Some longitudinal studies have previously investigated the dynamics of TTV during the first years of life by comparing the prevalence as well as the evolution of viral load over time [11,12,13]. In a study including 22 mother–child blood pairs with a 30-month follow-up period for children, Komatsu et al. reported an increase in the prevalence of TTV infections with age, with a total of 13 children that became TTV-positive by PCR during their follow-up period [14]. Remarkably, the authors observed a same predominant TTV genotype between the child and the mother at the first PCR-positive time point in 11/13 pairs (85%), suggesting that mothers represent the main source of infection to child, while thereafter the predominant genotype changed in half of the children detected positive (5/10) at ≥two time-points during the follow-up period, suggesting other environmental sources of infections. However, these authors used PCR-amplicon cloning methods followed by classical sequencing of 10 clones by individuals, thereby limiting the depth of analysis compared to the NGS method performed in this study.

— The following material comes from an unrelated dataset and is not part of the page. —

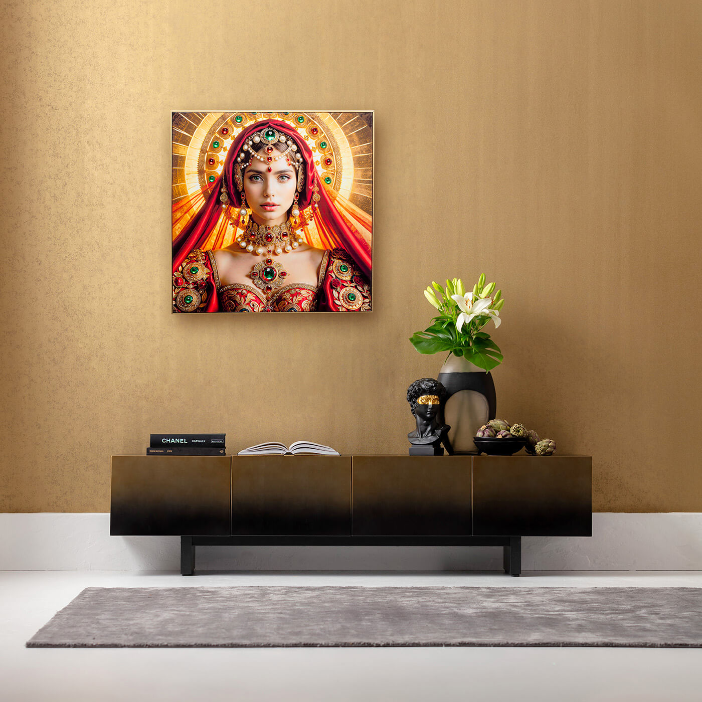 Véritable accroche-regard, ce tableau allie art et luxe en un seul chef d'oeuvre. La combinaison harmonieuse des couleurs or et rouge rayonne de chaleur et d'élégance tandis que le motif expressif impressionne par son souci du détail. Des perles et le cadre doré raffiné ajoutent une touche glamour à cette oeuvre d'art. Que ce soit dans un salon élégant, une chambre à coucher exclusive ou un couloir haut de gamme, ce tableau attirera l'attention de tous et conférera à chaque pièce une atmosphère particulière.

Anelloviruses are known to have significant genetic diversity. The reasons for this are not fully understood and could result from a high mutation rate (although this is not typical of DNA viruses), to reflect millions of years of evolution from a common ancestor in a manner similar to what has been suggested for papillomaviruses [25], or may also be due to recombination events which seem to be the key driver of annellovirus evolution. With a total of 149 TTV genotypes detected, as well as 13 potential additional species, our study suggests that it is likely that much more remain to be discovered.

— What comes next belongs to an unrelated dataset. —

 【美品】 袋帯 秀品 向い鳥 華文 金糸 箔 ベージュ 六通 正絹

This study has some limitations. We complied with the TTV classification criteria used by the ICTV, (i.e., analysis of ORF1 with a 69% sequence identity threshold). Therefore, we cannot exclude missing some recombination events. The results reported here were obtained from a cohort of febrile children and need to be reproduced in a cohort of asymptomatic children in order to draw definitive conclusions. Finally, sera were not spiked individually with a standardized internal positive control. Indeed, in the initial study, “no-template” and positive controls were included in each sequencing run to assess the presence of potential mNGS contaminants and the entire process efficiency, respectively. As a result, a normalization of the number of reads obtained for each TTV genotype detected per sample was not considered. Finally, we cannot rule out that given the high number of co-detected TTV genotypes per sample or the presence of other DNA viruses recognized or not of clinical significance which could compete for sequencing that some TTV genotypes with low viral load were not detected in some samples.

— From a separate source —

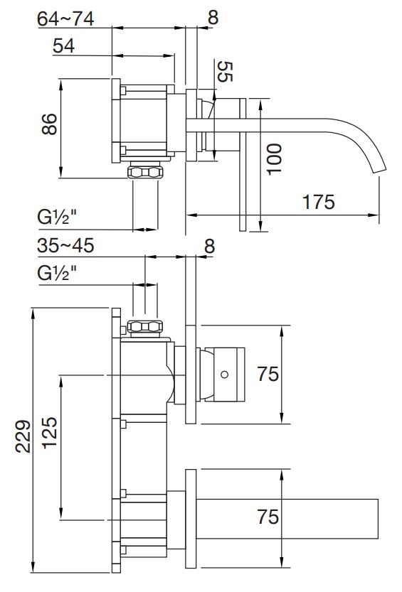 Nástěnná umyvadlová baterie bez montážního tělesa, chrom (135 1804)

Our study observes an increase in TTV genetic diversity with age in a cohort of febrile Tanzanian children under 5 years. Our study raises new questions, such as whether this trend continues during the rest of childhood and how long the diversity is maintained. It would be interesting to assess if there is a preferential selection of certain genotypes within an individual, and if so when and by which mechanism? As sera were collected in a cross-sectional manner (at the time of the paediatric emergency room visit), longitudinal analysis of TTV diversity within individuals was not possible.

5. Conclusions

In conclusion, our investigations highlights the need for further large-scale longitudinal investigations of TTV genetic diversity in symptomatic and asymptomatic children from various parts of the world.